How does this impact you?
Due to these regulations, free funds available in your trading ledger will get credited to your registered primary bank account in 2 cases. (i) Unused balance in your funds (no trading activity in 30 days) (ii) Quarterly Settlement ( first Friday of every Quarter)
The settlement of funds and securities through quarterly settlement is an initiative by SEBI ensures higher security of traders funds and securities.
Free funds refers to the balance that remains unutilised in your fund balance after considering any upcoming funds Pay-in obligation to the exchange for any trade done and 225% of margin after adjusting for any stocks that have been pledged as of the settlement date. ( Refer to example below )
If you have not traded over the previous 30 days, your funds balance will be credited back to your primary bank account registered with us.
Refer to the following link to check the SEBI circular of Securities & Commodities accounts.
Example:
Assume you have ₹1 lakh in your account and have taken 2 lots of Nifty options (assume the margin for one lot of Nifty is ₹27,000), then ₹54,000 would be blocked from your account leaving you with a balance of ₹46,000.

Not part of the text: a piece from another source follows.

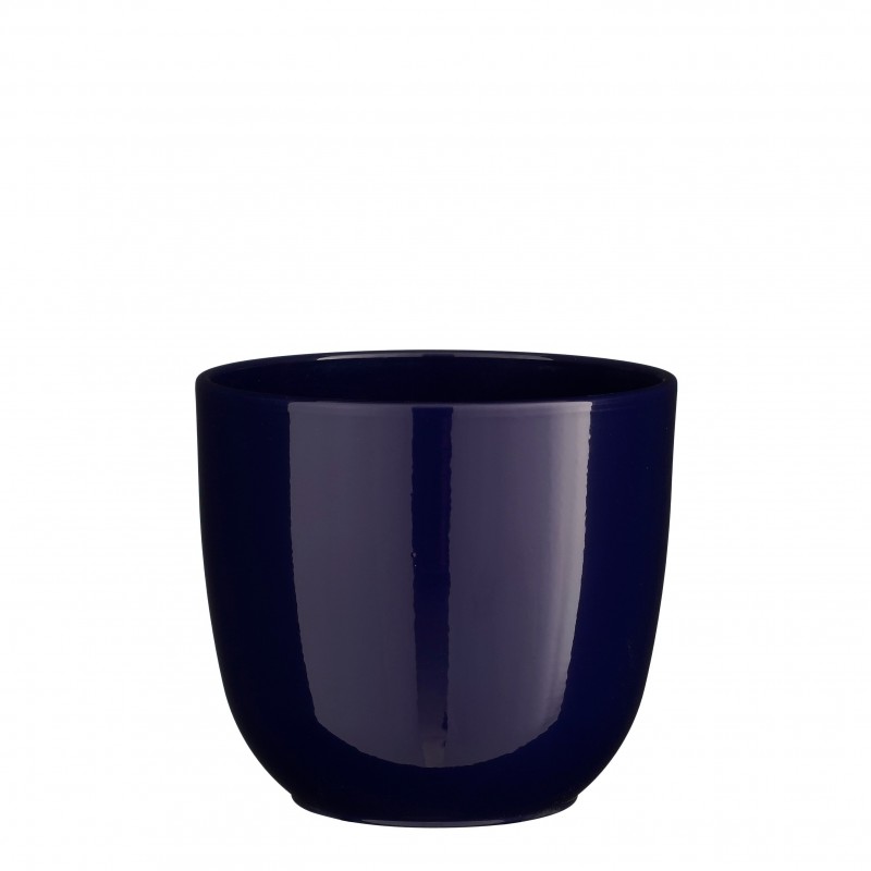 Cache-Pot Tusca Rond Bleu Brillant En Céramique H18.5-Ø19.5-MICA DECORATIONS

The Exchange allows a broker to block 2.25 times the margin it levies for the open position held by the client and after blocking this 2.25 times margin if there is any credit, it needs to be reversed.
In the above example, 2.25 times ₹54,000 would be ₹1,03,500. Since the funds available in your account are only ₹46,000, there will not be any settlement in this case.
However, after applying the 2.25 margin rule, if there is any credit standing in your account, such funds will have to be reversed to your bank account.
To sum it up, settlement will happen first Friday of every January, then April, then July and then October. If no trade done in 30 days, funds will be credited back to your account.